● **What you should do**
Output exactly the lines of the listing below that run from the line with "Set of 3 emote" through the line with "The Andromeda Galaxy". No pictures.

[Extracted information — start]

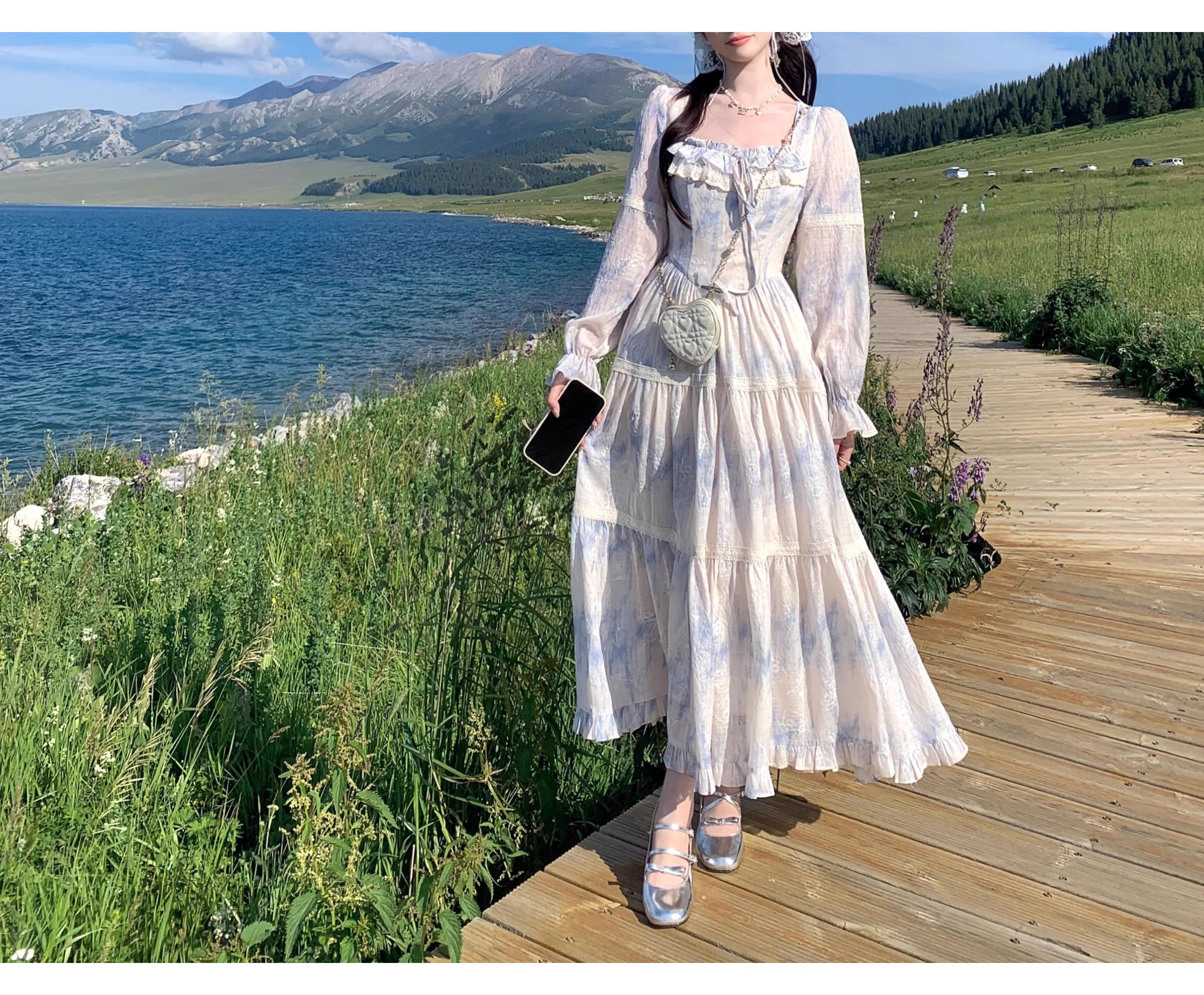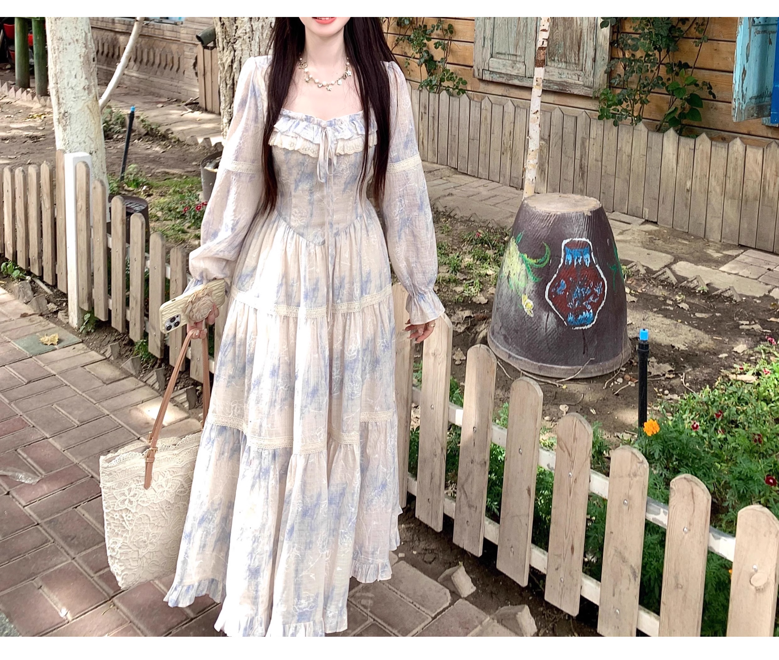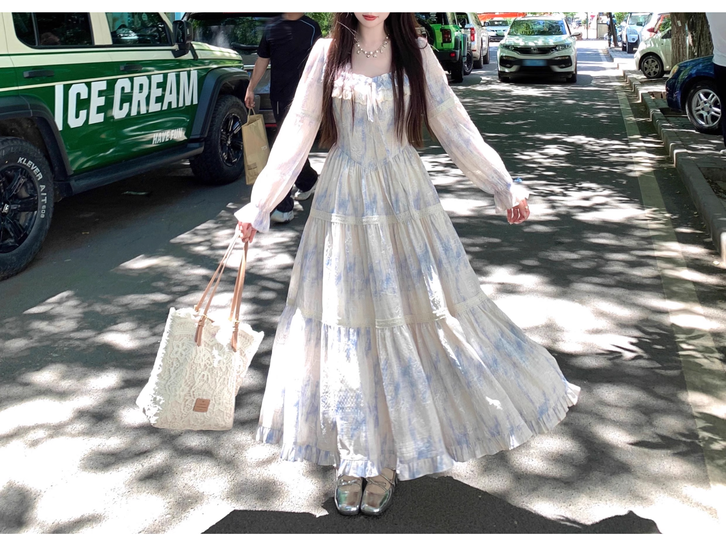 裁缝学苑AS371法式方领复古长袖蛋糕裙连衣裙纸样女装大摆长裙样板
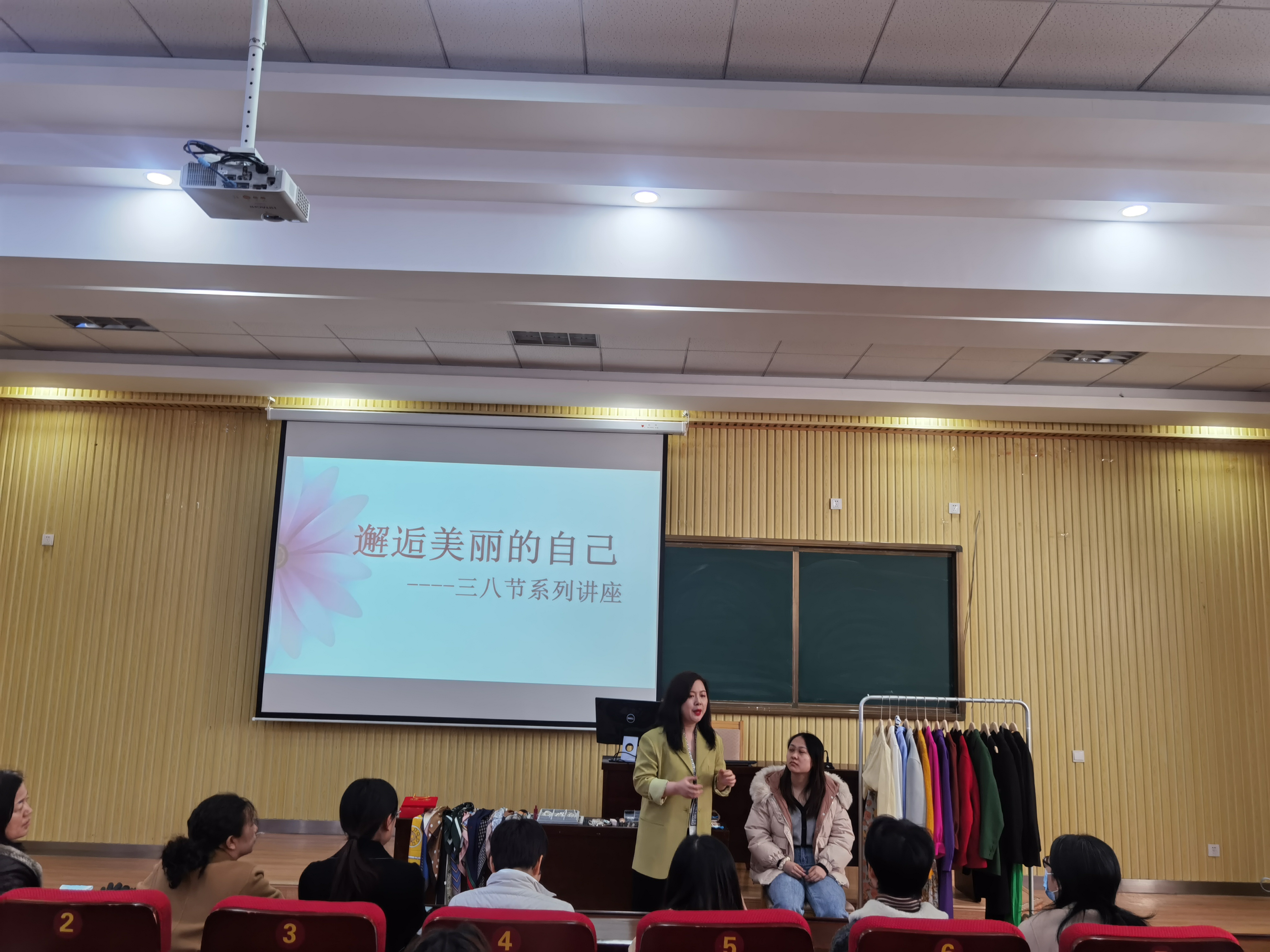 尚丽女士用讲解和现场演示相结合的方式,为女教工展示化妆和服饰搭配的技巧,深受女教职工们欢迎。
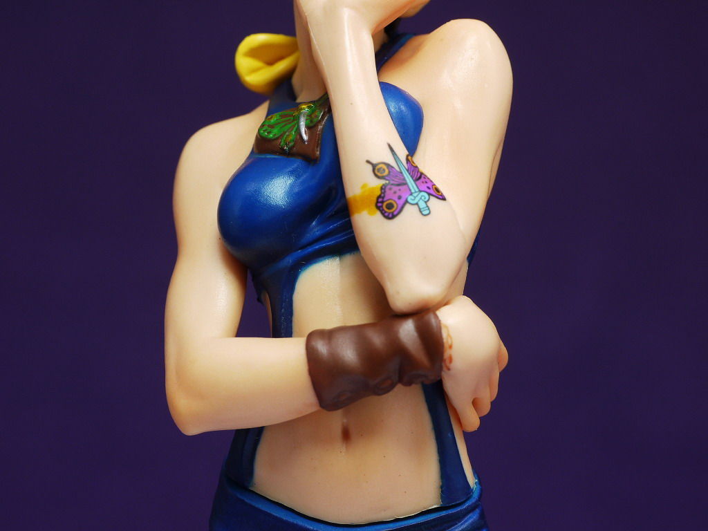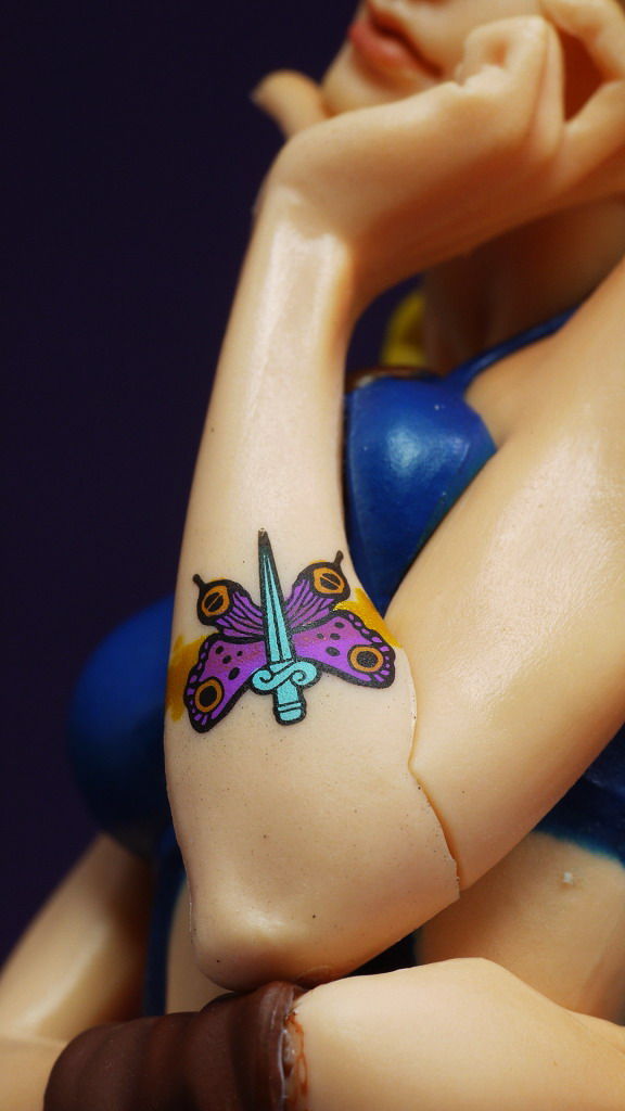 左腕にはタトゥー。膝から下の謎のデザインもきっちり再現。
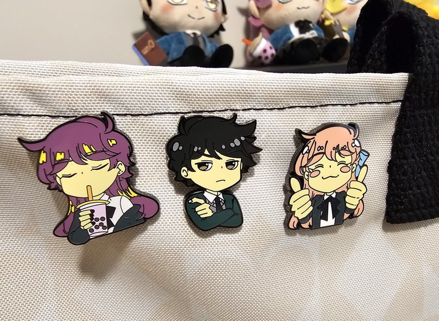Set of 3 emote pins: - Approving Remi - Indifferent Sera - Impatient John
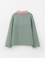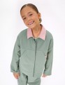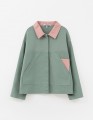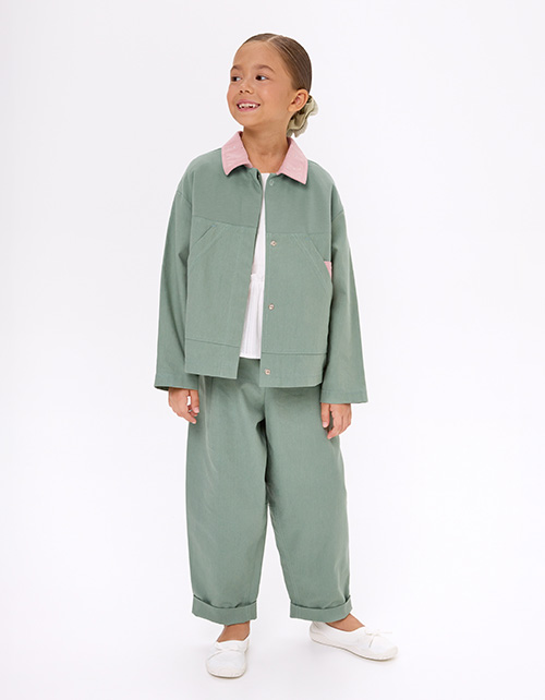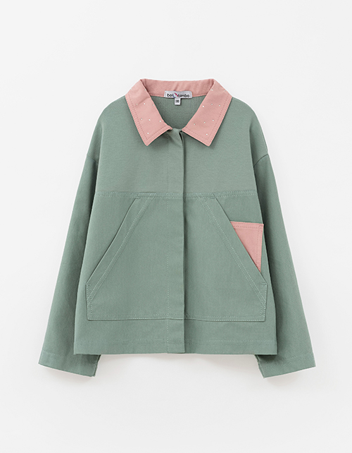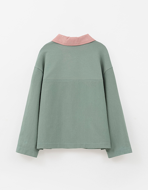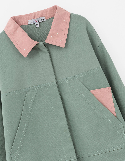 Комбинированный жакет из футера и твила в утилитарном стиле. Расслабленный прямой силуэт с приспущенной линией плеча. Контрастный воротник подчёркивает дизайн. Потайные кнопки сохраняют чистый вид. Стразы добавляют аккуратный акцент и лёгкий блеск.
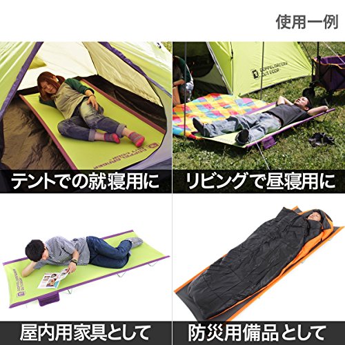 ドッペルギャンガーに耐久性、軽量性、機能性、コンパクト性、全ての要求に対応するキャンピングマットがあります。評判が良いこの一枚をコットの上に敷くことによって寝心地度をもっとアップされることが出来ます。エアバルブを緩めてコットの上に広げるだけで、自ら空気を吸って膨張するインフレータブルキャンピングマットになっています。口コミでも評判がいいです。
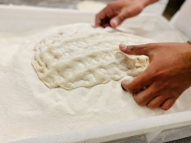 L'impasto ad alta idratazione, la digeribilità eccezionale, la lunga lievitazione di 48-72 ore e la lavorazione a mano ne garantiscono un sapore autentico tipico della pinsa romana.
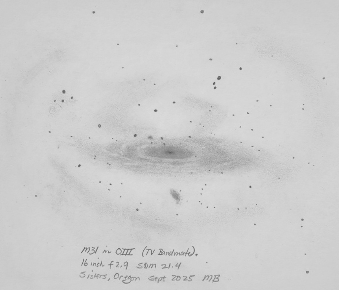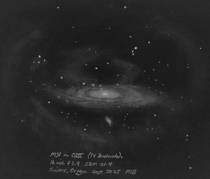 The Andromeda Galaxy with the TV Bandmate filter (OIII) as seen through the 16 inch f2.9.
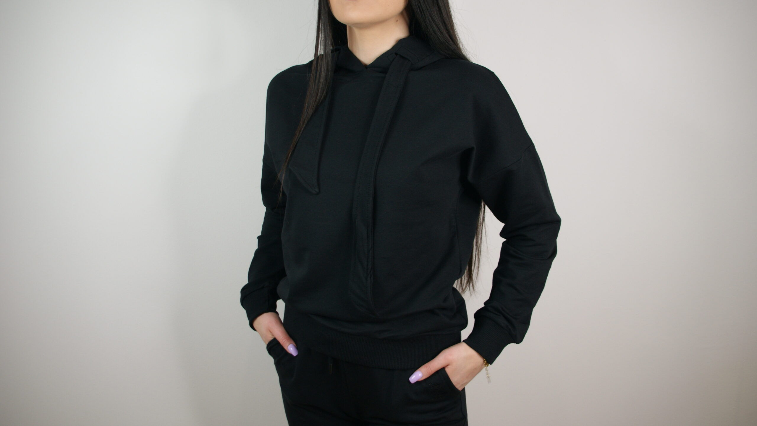 Komplet jest wykonany z dobrej jakości materiału. Bluza na rękawie oraz jednym z pasków od kaptura ma naszywany wzór z napisem ‘’Good Vibes Only”. Spodnie są luźniejsze z ściągaczami na końcu nogawek, z kieszeniami. Przy lewej kieszeni jest naszywany, wypukły napis, odpowiadający bluzie. Aplikacja jest wykonana trwale i nie ulegnie „spraniu”. Dres idealnie nadaje się na wiosenne lub jesienne dni. Nasza propozycja to połączenie dresu z pikowaną, czarną kamizelką lub do kurtki skórzanej. Komplety w tym stylu to hit sezonu wiosna 2023.
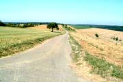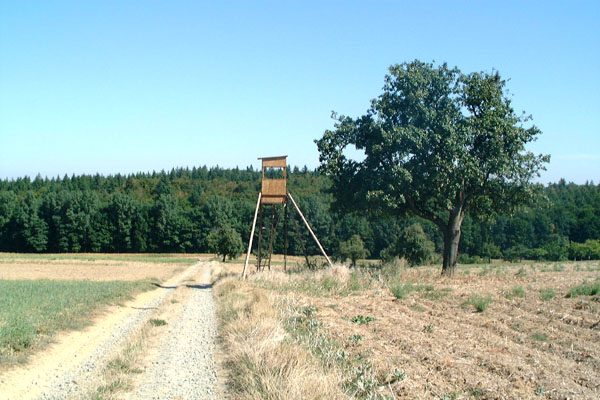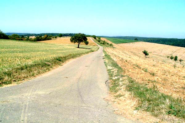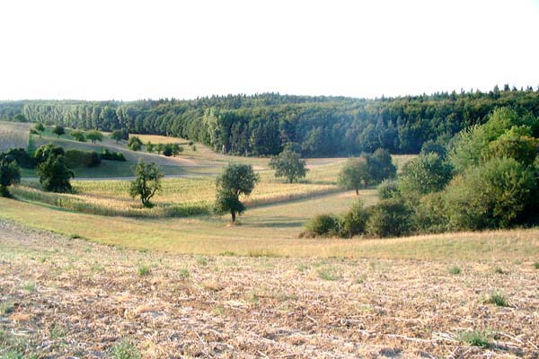 Am Waldrand entlang und in den ersten Feldweg (ca. 400 m) nach rechts abbiegen. Leicht ansteigend durch Felder auf einen Hügelkamm. |
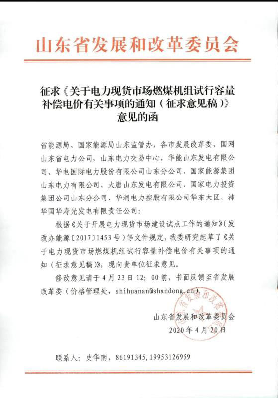 為穩(wěn)妥推進山東電力現(xiàn)貨市場建設,根據(jù)《關于開展電力現(xiàn)貨市場建設試點工作的通知》(發(fā)改辦能源〔2017〕1453號)、《關于深化電力現(xiàn)貨市場建設試點工作的意見》(發(fā)改辦能源規(guī)〔2019〕828號)、《山東省深化燃煤發(fā)電上網(wǎng)電價形成機制改革實施方案》(魯發(fā)改價格〔2019〕1228號)等文件規(guī)定,我委起草了《關于電力現(xiàn)貨市場燃煤機組試行容量補償電價有關事項的通知(征求意見稿)》,現(xiàn)向社會公開征求意見。
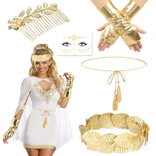 DPKOW Grekisk gudinna kostym för kvinnor, romerska blad Laurel krona grekiskt pannband hårkam guld tiara handskar bälte ansikte tatuering, kvinna flickor antika grekiska kostymtillbehör för grekiskt
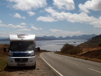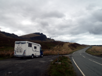 Am Ortsrand von Dunvegan finden wir einen Campingplatz, der wieder schön an einer Bucht liegt. Der Mann von der Rezeption geht mit mir zum Stellplatz und zeigt mir alles. Auf meine Aussage hin, daß es hier sehr schön ist, meinte er lächelnd, ich soll lieber bis Morgen Früh warten, denn in der Nacht kommt ein heftiger Sturm. Später stellen sich dann noch eine Frau und ein Mann aus Australien neben uns. Sie sind bestimmt schon über 70 und sie sind seit einem Jahr mit einem Camper aus Australien bis hierher unterwegs, sie möchten die Wurzeln ihrer Familien sehen. Da sie in ihrem Camper kein Platz zum kochen haben, erledigen sie das bei beginnenden Regen im Abspühlraum. Da wir dort auch gerade beim spülen sind, vergeht der frühe Abend bei einem interessanten Gespräch.

[Extracted information — finish]

● **Answer below**
Set of 3 emote pins: - Approving Remi - Indifferent Sera - Impatient John
 Комбинированный жакет из футера и твила в утилитарном стиле. Расслабленный прямой силуэт с приспущенной линией плеча. Контрастный воротник подчёркивает дизайн. Потайные кнопки сохраняют чистый вид. Стразы добавляют аккуратный акцент и лёгкий блеск.
 ドッペルギャンガーに耐久性、軽量性、機能性、コンパクト性、全ての要求に対応するキャンピングマットがあります。評判が良いこの一枚をコットの上に敷くことによって寝心地度をもっとアップされることが出来ます。エアバルブを緩めてコットの上に広げるだけで、自ら空気を吸って膨張するインフレータブルキャンピングマットになっています。口コミでも評判がいいです。
 L'impasto ad alta idratazione, la digeribilità eccezionale, la lunga lievitazione di 48-72 ore e la lavorazione a mano ne garantiscono un sapore autentico tipico della pinsa romana.
 The Andromeda Galaxy with the TV Bandmate filter (OIII) as seen through the 16 inch f2.9.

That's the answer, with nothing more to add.